Each year on the First Sunday of Lent, we hear the different accounts of Jesus’ temptation in the desert. Of course the Church puts this before us each year to bring to the minds of the Faithful that it is Christ Himself Who has consecrated these 40 days of fasting and spiritual warfare. Our Lenten practices are simply participations in His time in the desert in which He won many graces for each one of us individually. In His battle with the Devil, He won for us victory over every form of temptation that he throws at us. But one is always left with a nagging question after reading these Gospel accounts, namely, did Satan know Who Jesus was?
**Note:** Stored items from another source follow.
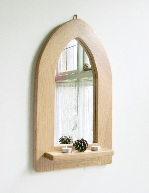 Gothic Arch Oak Mirror Oak Shelf Mirror Reclaimed Wooden Etsy
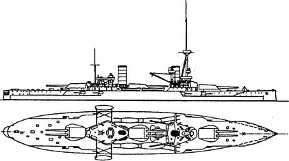 — вооружение: восемь 356-мм, двенадцать 152-мм, двенадцать 76-мм орудий и три 510-мм торпедных аппарата.
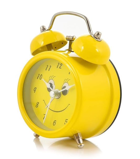 Alusters Smile Analog Table Clock with Alarm, Desk Top|Silent Non Ticking Quartz Movement | Battery Operated for Bedroom, Living Room, Office, Home Decor (Yellow Clock)
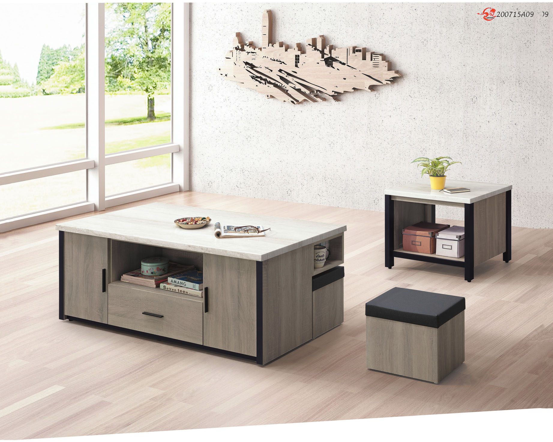 仲森二抽雙岩板組合方几(全組)
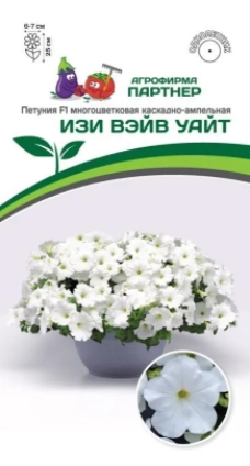 «Изи Вэйв» - петуния с улучшенной окраской и сильным цветком, невероятно устойчивым к воздействию ветра и дождя. Дословно переводится как «легкая волна». И это не удивительно, ведь главной целью было создание легкого в уходе гибрида, который бы хорошо себя проявлял в условиях короткого дня. Она сумела доказать свою исключительную выносливость противостоять любым катаклизмам погоды и великолепно чувствовать себя в условиях жары и холода. Своим появлением «Изи Вэйв» «взбудоражила» цветоводов, ландшафтных дизайнеров, профессионалов и производителей рассады. Полюбилась она за исключительную выравненность, мощь, а также яркое и неугомонное цветение. Благодаря многочисленному ветвлению, растение образует красивую крону в форме купола с плотным расположением цветков по всему кусту. При посадке в открытый грунт одно растение с легкостью закрывает площадь около 1,5 м² и образует красочный живой ковер. Очень быстро восстанавливается после дождя и ветра. Это лучший выбор для балконов, беседок, клумб и высоких вазонов с размещением на уровне глаз. Чтобы петуния полностью раскрыла свой потенциал, рекомендуем объем кашпо 15 л и более на одно растение и схему посадки в грунте – 60х60 см.
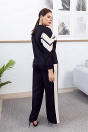 Прямые брюки из вискозы с резинкой и контрастными вставками ASV 2645 черно-бежевый

There is always a great danger, even in our own spiritual lives, to ascribe more power and knowledge to the devil than he actually has. So it is helpful to look at angelic knowledge in general and the effect that the Fall of the angels had on Satan and his minions. Unlike man, who by nature knows ideas by abstracting from sense knowledge, angels know through an infusion directly by God. Even though angelic knowledge is on a higher plane than human knowledge, it is limited. For example, angels cannot know the future because that belongs only to God. Likewise, they cannot know the secrets of our thoughts even if they can sometimes deduce from our outward actions or a change in countenance. For example, they may deduce we are scared because they observe our heartrate increasing or frightful images appearing in our imagination.
By nature, Lucifer was the highest of all God’s creatures because he had the greatest natural knowledge of God. Although it was greater than all the other creatures it was still less than God’s knowledge of Himself. This share of God’s knowledge of Himself is only available through grace in the Beatific vision, namely to see God face to face. Lucifer never saw God in His essence though because of his fall from grace. According to St. Thomas it was this knowledge (that he wanted (so as to be like God) and could not obtain on his own and so fell. The important point is that Lucifer did not know God in His essence nor can he know anything in the order of grace. While his knowledge is great, it always remains on the natural level.
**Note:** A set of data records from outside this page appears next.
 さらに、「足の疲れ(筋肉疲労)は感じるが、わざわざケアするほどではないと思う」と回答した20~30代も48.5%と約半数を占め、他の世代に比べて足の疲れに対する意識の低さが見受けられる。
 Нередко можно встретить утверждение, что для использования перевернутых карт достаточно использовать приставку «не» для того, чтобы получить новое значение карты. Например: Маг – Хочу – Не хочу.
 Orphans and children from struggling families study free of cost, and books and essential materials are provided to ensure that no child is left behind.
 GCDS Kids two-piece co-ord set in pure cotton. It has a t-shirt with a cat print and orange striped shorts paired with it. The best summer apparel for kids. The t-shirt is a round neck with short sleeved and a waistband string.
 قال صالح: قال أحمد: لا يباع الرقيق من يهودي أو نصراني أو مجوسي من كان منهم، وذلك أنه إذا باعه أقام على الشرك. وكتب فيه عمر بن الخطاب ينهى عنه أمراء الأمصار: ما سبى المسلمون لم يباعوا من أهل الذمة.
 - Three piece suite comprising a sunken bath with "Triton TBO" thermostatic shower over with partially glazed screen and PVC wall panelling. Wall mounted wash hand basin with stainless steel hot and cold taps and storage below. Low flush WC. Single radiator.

From these two facts, we can conclude two things. First, there is no way that Satan could have known anything about the Crucifixion, Resurrection, etc. because those events belong to the order of grace. Nor could he deduce anything from Christ’s countenance as to Who He was because He was always in perfect control of His emotions and imagination. Satan could get no read on Him because of this. But what Christ did reveal to Him was that He was hungry and so He was clearly a man who had physical needs just like every other man.
It is Satan’s inability to get a read on this seemingly ordinary man, Jesus of Nazareth, that ultimately causes the Temptation. He can detect something remarkable about Him, but what it is exactly he cannot say. Each of his three temptations that he puts before Christ are really his way of probing into his real identity.
His minions too will be perplexed by Him later on. All the Jewish exorcists at the time invoked God’s name to expel demons. Jesus does it using His own authority. They try gaining authority over Him by saying His name (an authoritative act) and nothing happens. So while they may witness His power and declare Him the “Holy One of God,” they had no way of knowing that He was in fact the Second Person of the Trinity, God made flesh. As St. Paul says “none of the rulers of this age knew; for if they had known it, they would not have crucified the Lord of glory” (1 Cor 2:8). In essence if they had known Who He was, they would not have done something that would have led to their final defeat (1 Cor 15:24-28).
What this really comes down to is the fact that the Incarnation is completely and totally incomprehensible to Satan. He could not even have conceived that God would condescend so deeply as to take on true human flesh and to allow Himself to experience need and to suffer deprivation. Through the paradigm of his deadly pride, no God that could possibly be above him would stoop so low to raise the “hairless bipeds” (to borrow a phrase from Lewis’ Screwtape Letters) so high. As St. Ambrose says Satan may have known that the Son of God would come, but “he did not think that He had come in the weakness of the flesh.”
In many ways, it is the disdain for His divinity that remains a stumbling block for many of us as well. It seems the more we are in the grips of pride, the harder it become to believe. It is almost as if there is a steady refusal to believe not because it is unbelievable but because it is too good to be true. We need to honestly exam ourselves by asking, “If I were God, would I do it that way?” Only insofar as we can put on the “logic of the Incarnation” can we begin to see the depth of Christ’s humility and love for us. In this holy season of Lent, may we enter into combat on all forms of pride by keeping the humility of the Incarnation ever in sight.